Brooks: Attacking Anonymity
By David Brooks, The Dartmouth Staff
Published on Friday, August 17, 2012
To the delight of Dartmouth’s internet trolls, the popular yet infamous message board Bored at Baker will be back up and running on Sept. 1. The site has apparently been down for the majority of the term, but the break from Bored at Baker seems to have gone unnoticed by much of the Dartmouth community.
I can’t help but think we might be better off if it were gone for good. Since this is unlikely, I hope the discourse among users on the site changes drastically upon its inevitable return.

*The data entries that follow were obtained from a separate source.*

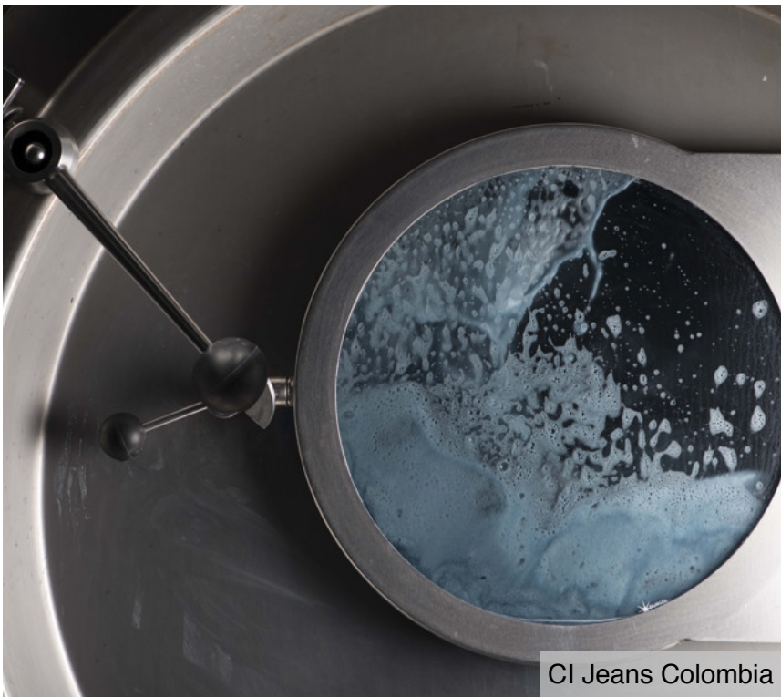
CI Jeans Colombia

The Denim Garment Sourcing Guide is a curated selection of essential denim manufacturers to watch out for. In building this guide, we focused on manufacturers that service international clients, invest in advanced technologies, and those making strides to adopt sustainable practices. This guide aims to outline their capabilities, capacities, stability and unique specialities. A new report to WGSN, this Garment Sourcing Guide will be provided seasonally to keep you informed.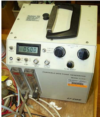
Figure 1: LI-COR LI610 dew point generator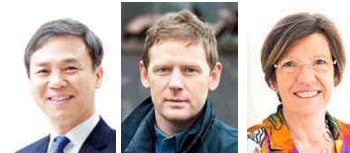
Seung-Su Kim Mayor of Jeonju opening speech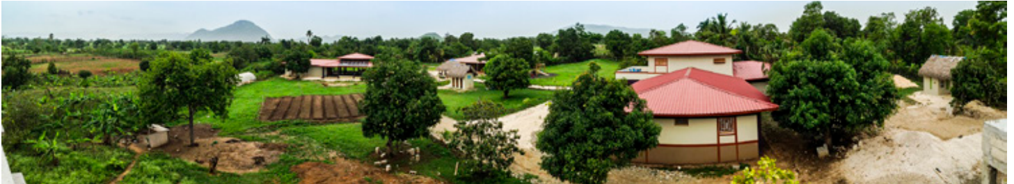
The Many Hands campus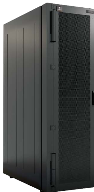
Vertiv™ Liebert® DCD Passive

As your business grows and the cooling demands increase, the Liebert DCD can be added to each rack, providing simple and effective scalability to meet your needs. When heat loads vary throughout the day, it can be difficult to provide proper and efficient cooling to match the demand. The Liebert DCD's wide modulation range allows your facility to quickly adapt to those changing conditions, no matter how frequently they vary throughout the day, providing peace of mind to the end user.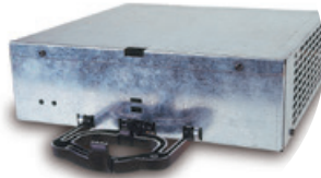
3 kVA power or charger module (one per slot)

Bored at Baker allows users to post about any topic of their choosing, safe from the fear of reprisal. Posts range from hilarious to borderline criminal, and it is these latter posts that are most dangerous and insidious.
My freshman fall offered me the opportunity to see firsthand the effects that Bored at Baker can have on a student. A female friend of mine was repeatedly mentioned in Bored at Baker posts, which ranged from comments on her attractiveness to detailed descriptions of supposed sexual exploits.

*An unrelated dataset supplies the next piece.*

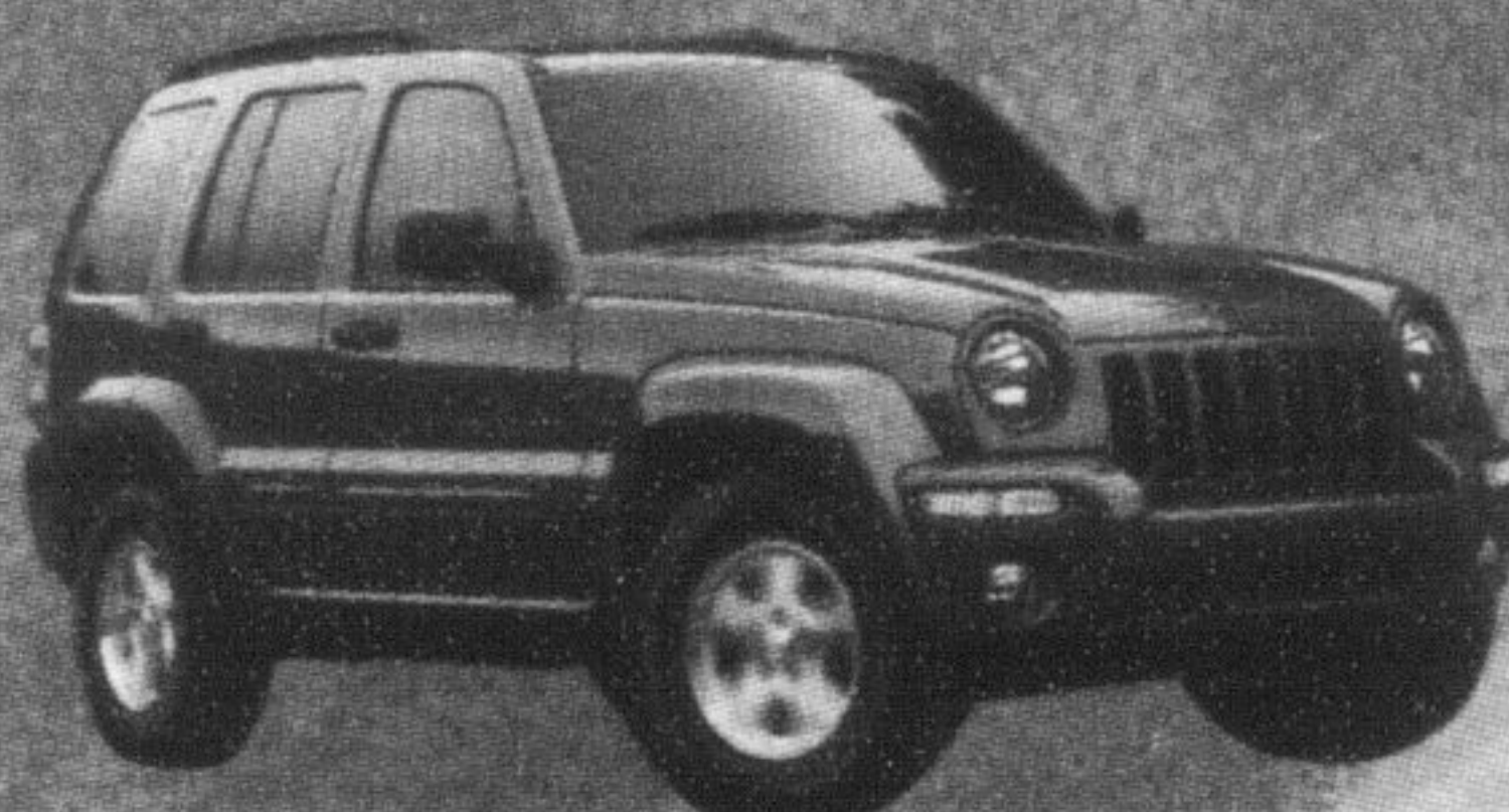
'03 Jeep Liberty

This culminated in a post in which one poster said something along the lines of, “Did anybody see her tight blue formal dress? Man, I want to rape her.” The post as written was extremely troubling, and it was made worse by the number of “agrees” the post received.
For the rest of the term, these and subsequent posts hung over my friend’s head. She appealed to the administration without much success. Understandably, she worried for her safety, and her grades began to slip as a result.
I have heard and read all of the defenses from the regular users of Bored at Baker before. They claim that the posts are just anonymous jokes, or that if a person is dissatisfied with the content of the posts on the site he or she can choose to ignore them.
However, a poster’s anonymity only extends as far as the Dartmouth community. Harmful posts often relay intimate knowledge about the people they castigate, shrinking the potential pool of miscreants. In the example of my friend, the poster was likely a Facebook friend or someone who had seen her that night. Imagine walking around campus wondering which of your acquaintances is publicly advocating violence against you.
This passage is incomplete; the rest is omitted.